Instructions to follow:
Transcribe, word for word, only the lines from the one containing "Nástavec je vyrobený" through the end of the material below. Pictures stay out.

Data provided:
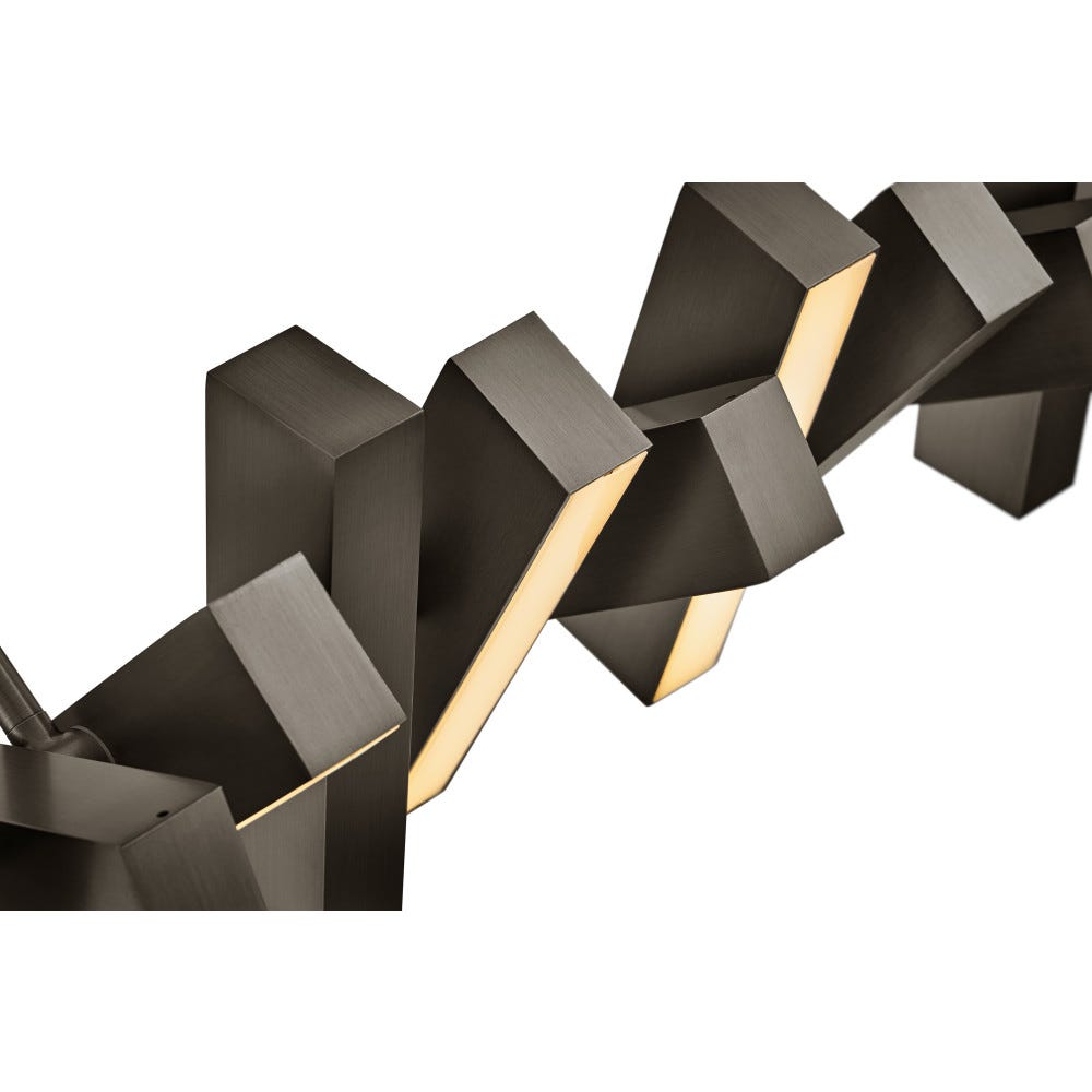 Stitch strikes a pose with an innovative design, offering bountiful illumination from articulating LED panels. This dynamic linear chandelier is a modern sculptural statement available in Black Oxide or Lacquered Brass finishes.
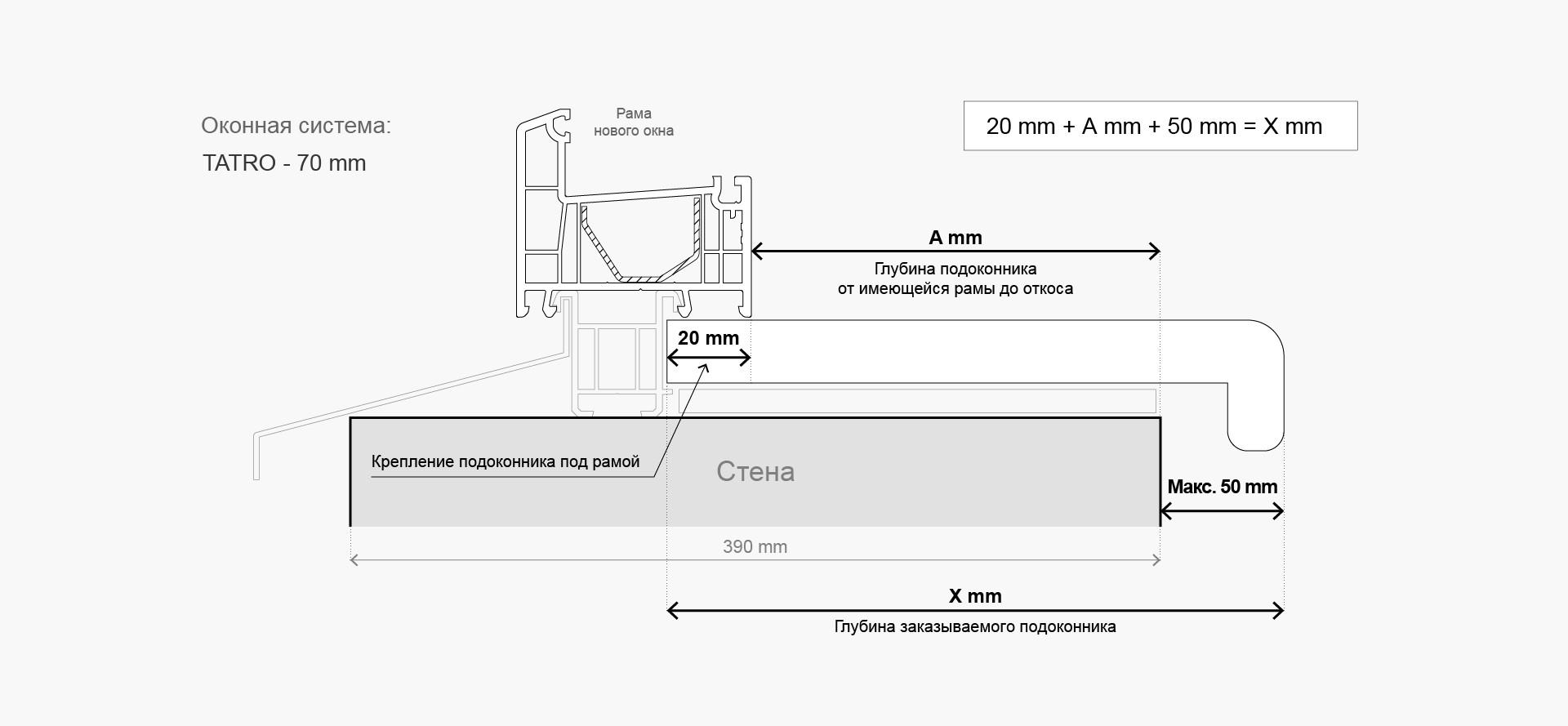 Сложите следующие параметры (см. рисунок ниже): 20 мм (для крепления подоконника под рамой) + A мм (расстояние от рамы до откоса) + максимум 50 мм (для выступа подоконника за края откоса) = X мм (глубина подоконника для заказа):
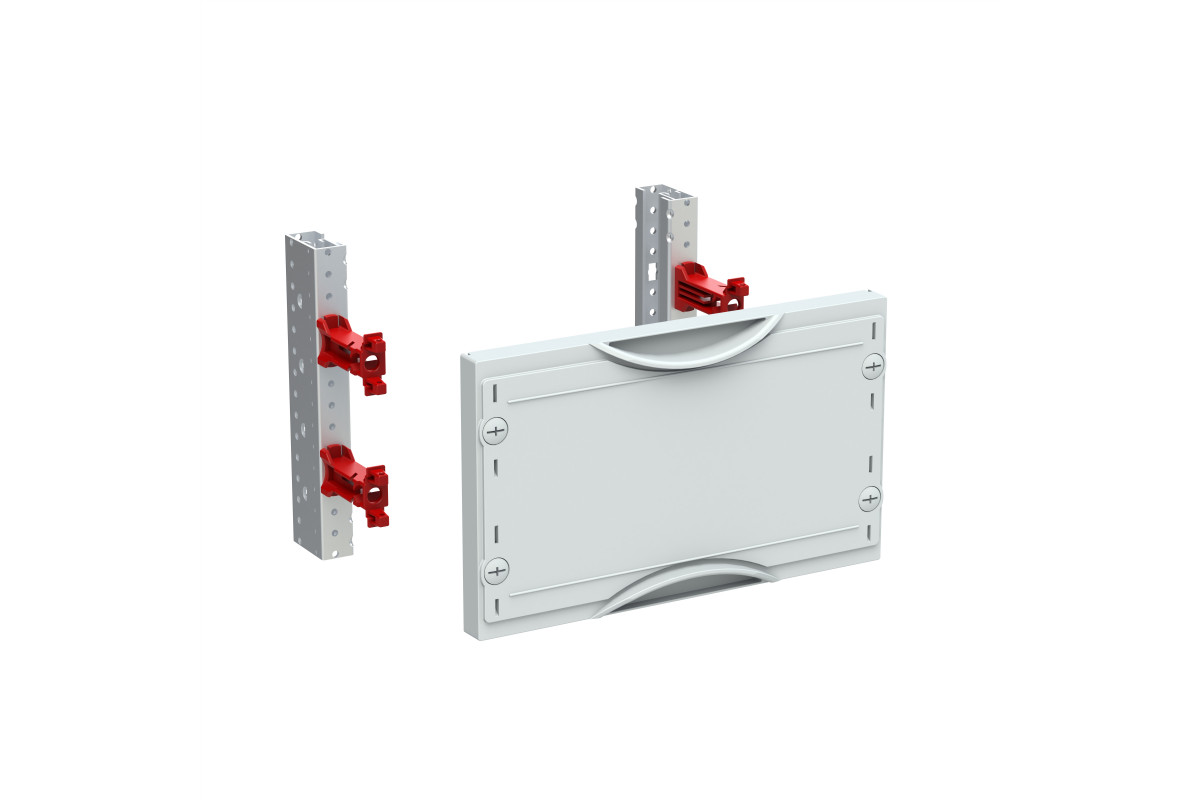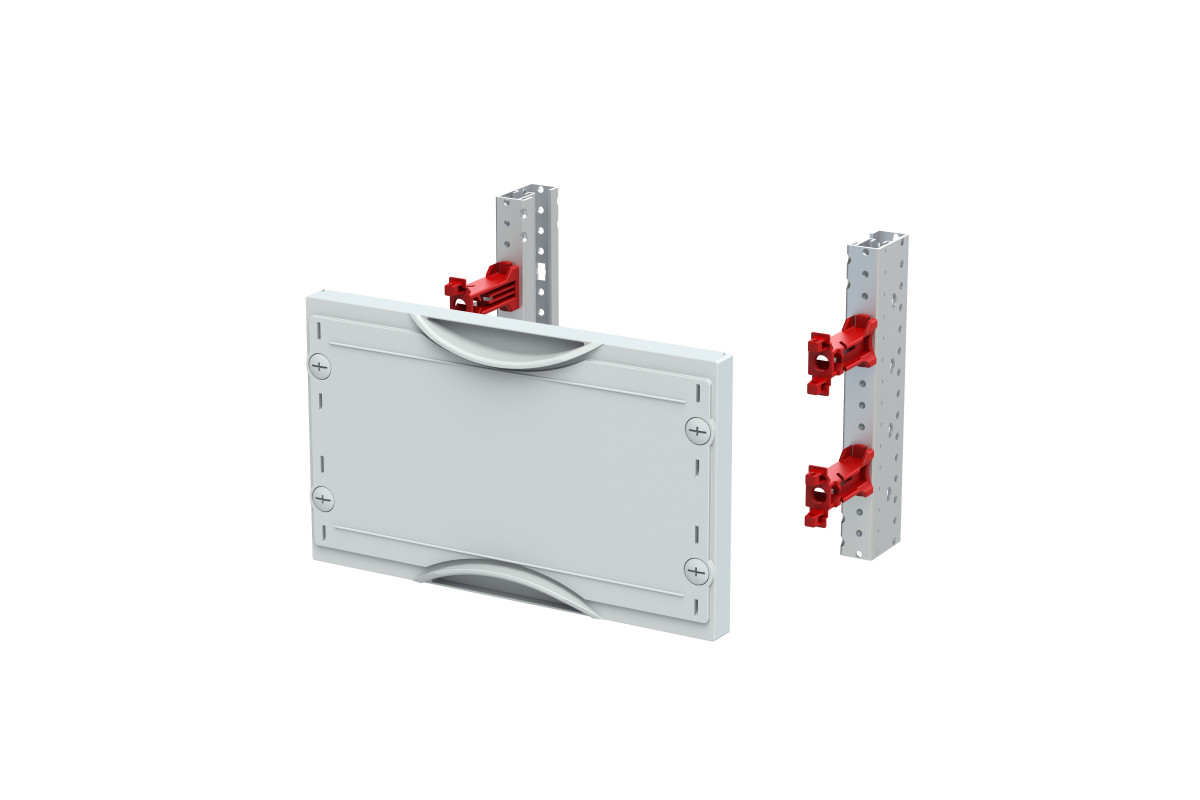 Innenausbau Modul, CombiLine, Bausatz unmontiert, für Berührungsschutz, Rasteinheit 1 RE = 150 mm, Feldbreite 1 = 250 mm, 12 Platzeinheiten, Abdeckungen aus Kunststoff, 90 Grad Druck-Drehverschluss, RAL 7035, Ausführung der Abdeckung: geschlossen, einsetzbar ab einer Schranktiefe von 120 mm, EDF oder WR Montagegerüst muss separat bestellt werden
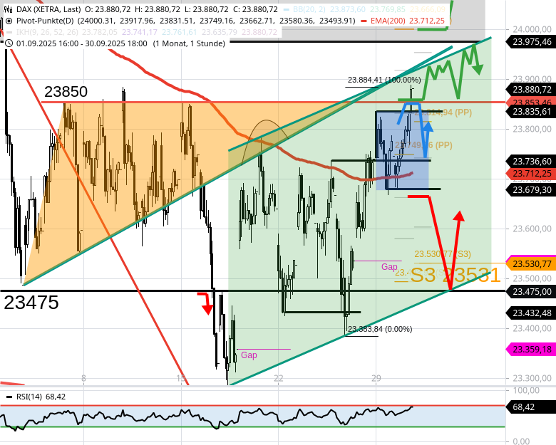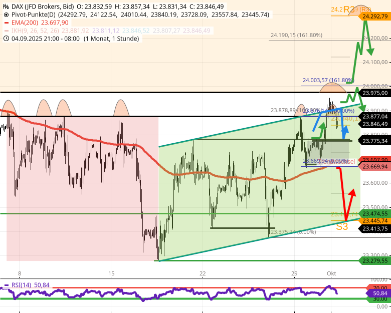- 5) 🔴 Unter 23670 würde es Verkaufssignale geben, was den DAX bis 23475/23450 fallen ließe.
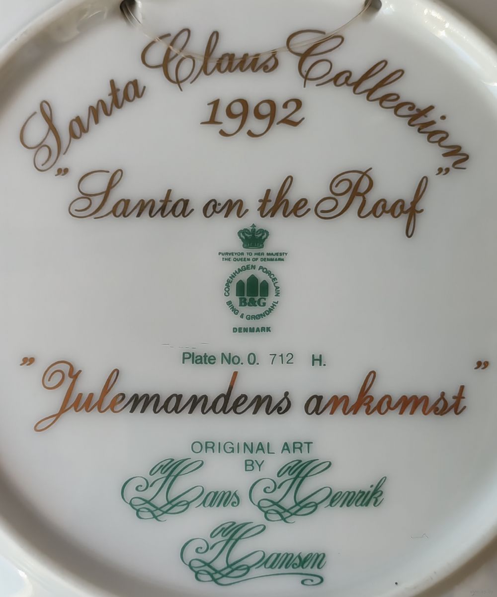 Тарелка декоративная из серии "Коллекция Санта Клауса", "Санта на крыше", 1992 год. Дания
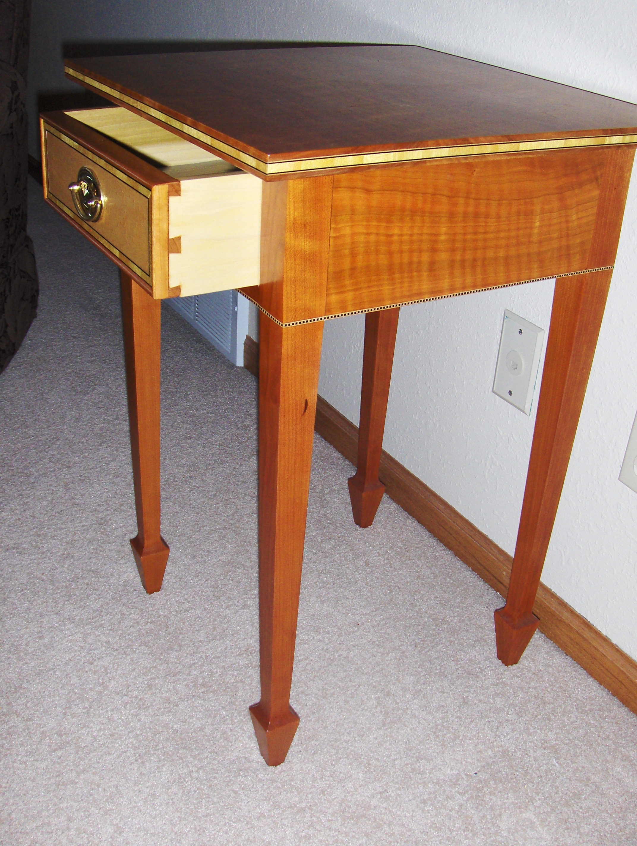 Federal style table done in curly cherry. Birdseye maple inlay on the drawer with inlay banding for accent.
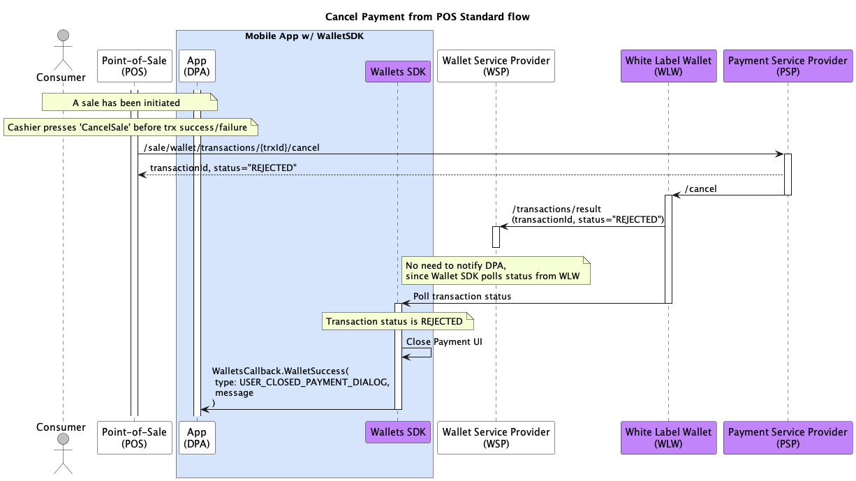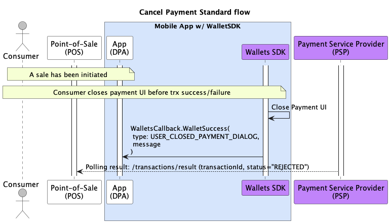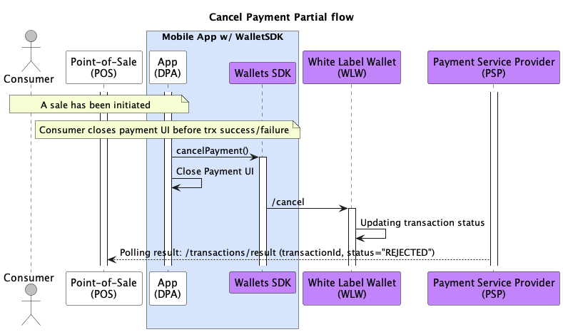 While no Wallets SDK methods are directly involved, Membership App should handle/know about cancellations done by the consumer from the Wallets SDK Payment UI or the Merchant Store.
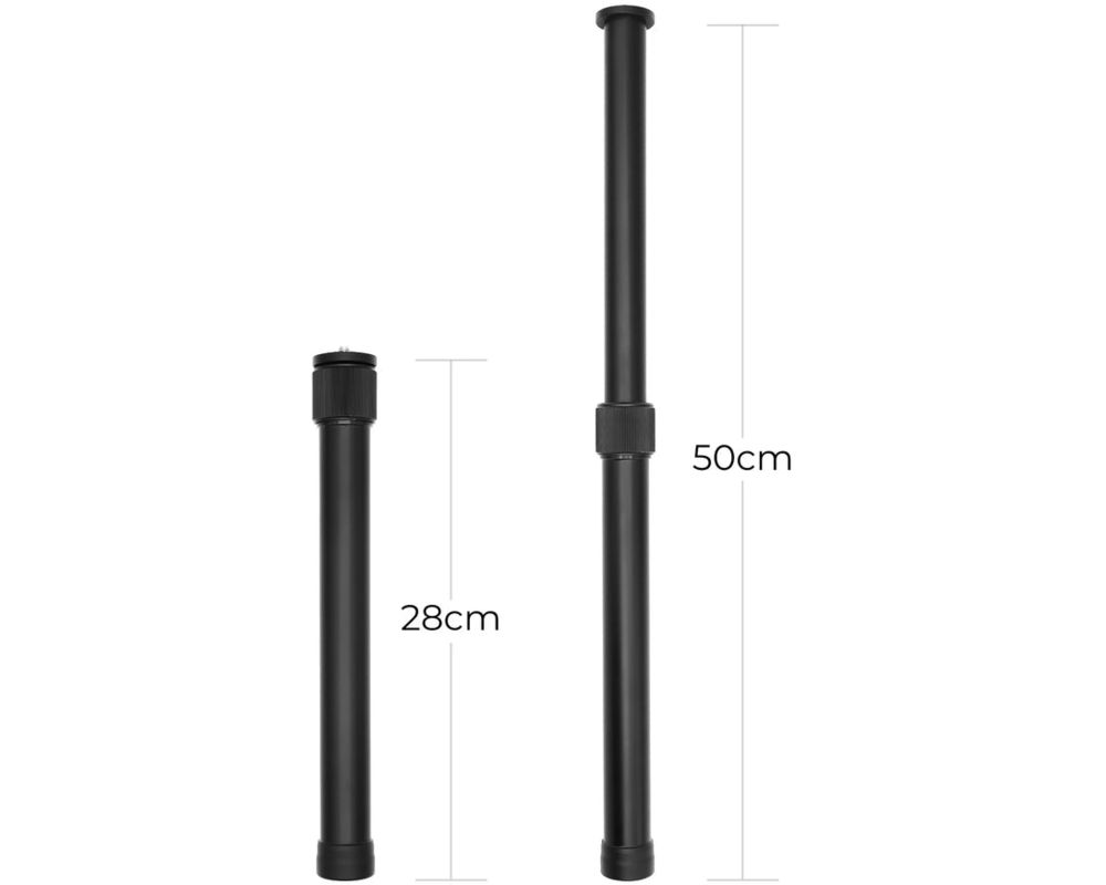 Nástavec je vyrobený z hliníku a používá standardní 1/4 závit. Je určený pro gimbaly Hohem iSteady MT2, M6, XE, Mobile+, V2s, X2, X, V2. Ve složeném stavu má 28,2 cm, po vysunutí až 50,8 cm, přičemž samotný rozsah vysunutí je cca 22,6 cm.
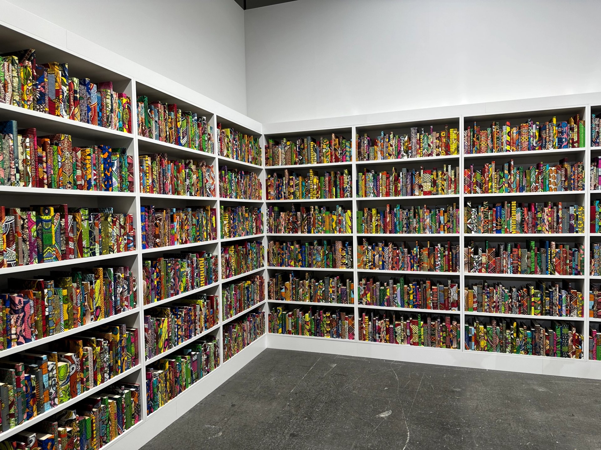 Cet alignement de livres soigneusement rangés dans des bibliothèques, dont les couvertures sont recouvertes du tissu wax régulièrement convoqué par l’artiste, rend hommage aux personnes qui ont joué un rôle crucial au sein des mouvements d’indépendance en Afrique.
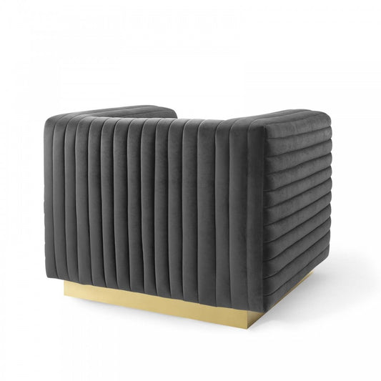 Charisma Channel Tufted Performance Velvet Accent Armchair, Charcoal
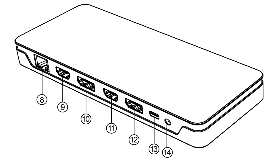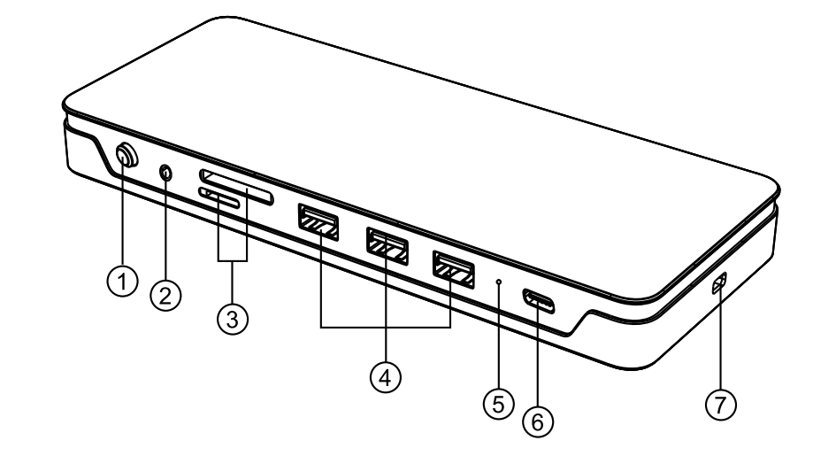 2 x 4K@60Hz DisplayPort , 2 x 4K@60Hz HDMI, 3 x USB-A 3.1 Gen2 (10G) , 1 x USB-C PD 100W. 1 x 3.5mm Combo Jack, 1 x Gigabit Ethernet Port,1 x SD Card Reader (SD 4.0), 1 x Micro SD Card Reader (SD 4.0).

Written solution:
 Nástavec je vyrobený z hliníku a používá standardní 1/4 závit. Je určený pro gimbaly Hohem iSteady MT2, M6, XE, Mobile+, V2s, X2, X, V2. Ve složeném stavu má 28,2 cm, po vysunutí až 50,8 cm, přičemž samotný rozsah vysunutí je cca 22,6 cm.
 Cet alignement de livres soigneusement rangés dans des bibliothèques, dont les couvertures sont recouvertes du tissu wax régulièrement convoqué par l’artiste, rend hommage aux personnes qui ont joué un rôle crucial au sein des mouvements d’indépendance en Afrique.
 Charisma Channel Tufted Performance Velvet Accent Armchair, Charcoal
 2 x 4K@60Hz DisplayPort , 2 x 4K@60Hz HDMI, 3 x USB-A 3.1 Gen2 (10G) , 1 x USB-C PD 100W. 1 x 3.5mm Combo Jack, 1 x Gigabit Ethernet Port,1 x SD Card Reader (SD 4.0), 1 x Micro SD Card Reader (SD 4.0).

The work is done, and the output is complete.